838.00/2618: Telegram

The High Commissioner in Haiti ( Russell ) to the Secretary of Stale

92. Department’s 59, December 4, 5 p.m., and 60, December 4, 8 p.m. The situation in Haiti is very serious. Had I not taken action I did [Page 191] yesterday the local situation would have gotten out of hand and there would have been serious loss of life among both Haitians and Americans. Prompt action on my part has had an excellent effect in quieting the situation here. I have spent practically 12 years in Haiti, during a period of which there was an uprising with five or six thousand men in the [several?] attacks on the city. I am consequently not carried away by any small demonstration and did not act in this particular case until the necessity warranted extreme measures.
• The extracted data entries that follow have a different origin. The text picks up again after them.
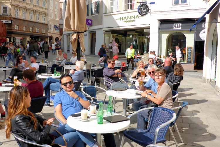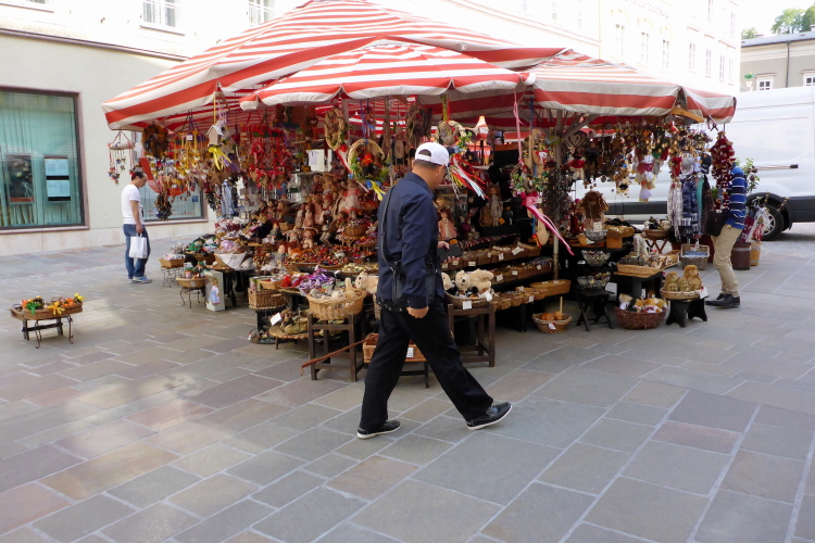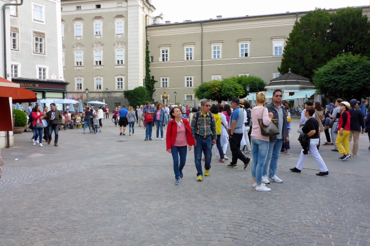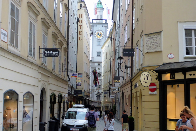 Ich komme jetzt in die Fußgängerzone, wo mich die Leute freudig begrüßen. Es sind gutaussehende Leute. Salzburg ist nicht Deutschland. Ich nehme die Kurve über die Brücke, geradeaus wäre jetzt das Wohnhaus von Mozart. Makartplatz 8 ist die Adresse.
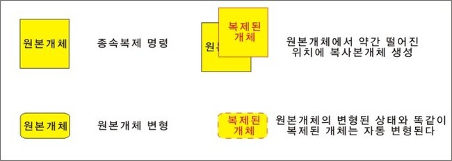 복제명령과 복사의 방법은 같습니다. 하지만 종속의 성질을 갖는다는점만 다릅니다.
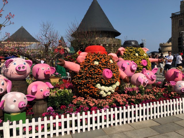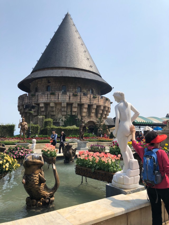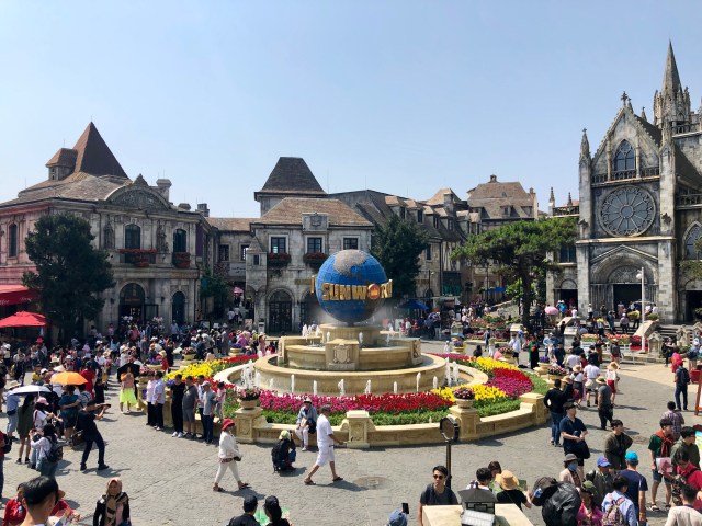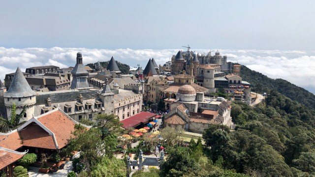 Little did I know, Ba Na Hills / Sunworld, the mountaintop park that the Golden Bridge is part of, has the longest continuous cable car ride in the world, a winery, meditation garden, pagoda, amusement park, arcade, outdoor alpine slide ride, performing arts shows, a mini European village, and some of the best mountain views I’ve seen yet on this trip.
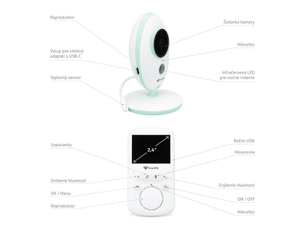 Oblíbená chůva, ověřená zákazníky, TrueLife NannyCam V24 ve vylepšené verzi je zde. TrueLife NannyCam V24 Pro je digitální video chůvička s přehledným barevným 2,4 palcovým LCD displejem, pokojovým teploměrem, automatickým nočním módem a moderním USB-C připojením pro rychlé a spolehlivé nabíjení. Přenos zvuku i obrazu je vysoce kvalitní ve dne i v noci. Můžete být v klidu a mít jistotu, že je s Vašimi blízkými vše v pořádku, neboť použitá digitální technologie s frekvencí 2.4 GHz zaručuje bezpečný a stabilní signál.

My request for a small reenforcement was for the purpose of stationing 50 men at ports where there are customhouses and hospitals and public offices all established pursuant to treaty obligations and under the direction of Americans who have their families with them. At Aux Cayes the present situation has this morning become grave. There are 25 Americans at Aux Cayes, 14 are women and children. Communication by telephone has just reached me that the situation there is rapidly getting out of hand. The brigade commander has sent planes to drop bombs in the harbor with the hope of overaweing the people but I have just received word that it has had only a momentary effect.

The garde is [organized?] as a regiment of the brigade and only in certain specific instances will marines appear. The moral support of the marines and, where absolutely necessary, their physical support is essential to stiffen up the garde. Physical contacts and all arrests where possible are to be made by the garde backed up by the brigade. This, in order to maintain the prestige of the garde. Here at Port-au-Prince since the marines came on the scene the garde’s action has. been entirely different. The effective strength of the brigade here is such as not to permit of the distribution of the forces at the ports under present conditions. The brigade commander is however sending 40 marines to Aux Cayes by truck but it will take them at least 8 hours to make the journey. Conditions such as exist at Aux Cayes may at any moment break out at Jacmel, Miragoane, Gonaives or other ports. I am of the belief that with 50 men stationed at the ports, stiffening the garde, loss of life and property may be avoided. Otherwise it may become more grave with loss of life and business conditions paralyzed. All treaty organizations and National Bank of Haiti have joined in the [apparent omission].

In view of the above I have to again recommend that the request I made in my 89, December 3, 8 p.m., receive the Department’s immediate approval.